Creates owned data from borrowed data, usually by cloning.

fn clone_into(&self, target: &mut Self::Owned)

🔬 This is a nightly-only experimental API. (toowned_clone_into)

recently added

Uses borrowed data to replace owned data, usually by cloning.

impl<T: AsRef<str> + ?Sized> PartialOrd<T> for RelRef

fn partial_cmp(&self, other: &T) -> Option<Ordering>

This method returns an ordering between self and other values if one exists.

#[must_use] fn lt(&self, other: &Rhs) -> bool

This method tests less than (for self and other) and is used by the < operator.

#[must_use] fn le(&self, other: &Rhs) -> bool

This method tests less than or equal to (for self and other) and is used by the <= operator.

#[must_use] fn gt(&self, other: &Rhs) -> bool

This method tests greater than (for self and other) and is used by the > operator.

#[must_use] fn ge(&self, other: &Rhs) -> bool

This method tests greater than or equal to (for self and other) and is used by the >= operator.

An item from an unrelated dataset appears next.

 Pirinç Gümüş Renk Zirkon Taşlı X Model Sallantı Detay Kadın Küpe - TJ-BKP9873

impl<T: AsRef<str> + ?Sized> PartialEq<T> for RelRef

fn eq(&self, other: &T) -> bool

This method tests for self and other values to be equal, and is used by ==.

#[must_use] fn ne(&self, other: &Rhs) -> bool

This method tests for !=.

impl<'_> Default for &'_ RelRef

fn default() -> Self

Returns an empty relative reference.

Empty relative references do nothing but clear the base fragment when resolved against a base.

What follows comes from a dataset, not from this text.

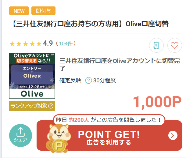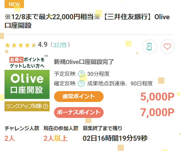 さきほどの、Oliveのポイントは12,000ポイントもらえるのでこれで余裕で達成できます。ただ、ポイント獲得が90日程度と表示されているのでもしかしたら間に合わない可能性もあるので別で広告をやっておくと安心です。

impl<'_> Default for &'_ mut RelRef

fn default() -> Self

Mutable version of (&RelRef)::default.

Despite being marked mutable, since the length is zero the value is effectively immutable.

impl AsRef<str> for RelRef

fn as_ref(&self) -> &str

Performs the conversion.

impl AsRef<RelRef> for RelRef

fn as_ref(&self) -> &RelRef

Performs the conversion.

impl AsRef<RelRef> for RelRefBuf

fn as_ref(&self) -> &RelRef

Performs the conversion.

impl Eq for RelRef

impl Display for RelRef

RelRef will always format the relative reference for display in an unambiguous fashion.

fn fmt(&self, f: &mut Formatter) -> Result<(), Error>

Formats the value using the given formatter.

impl Debug for RelRef

fn fmt(&self, f: &mut Formatter) -> Result<(), Error>

Formats the value using the given formatter.

impl Deref for RelRef

type Target = str

The resulting type after dereferencing.

fn deref(&self) -> &Self::Target

Dereferences the value.

impl Hash for RelRef

fn hash<__H: Hasher>(&self, state: &mut __H)

Feeds this value into the given [Hasher].

fn hash_slice<H>(data: &[Self], state: &mut H) where
    H: Hasher, 

Feeds a slice of this type into the given [Hasher].

impl Borrow<RelRef> for RelRefBuf

fn borrow(&self) -> &RelRef

Immutably borrows from an owned value.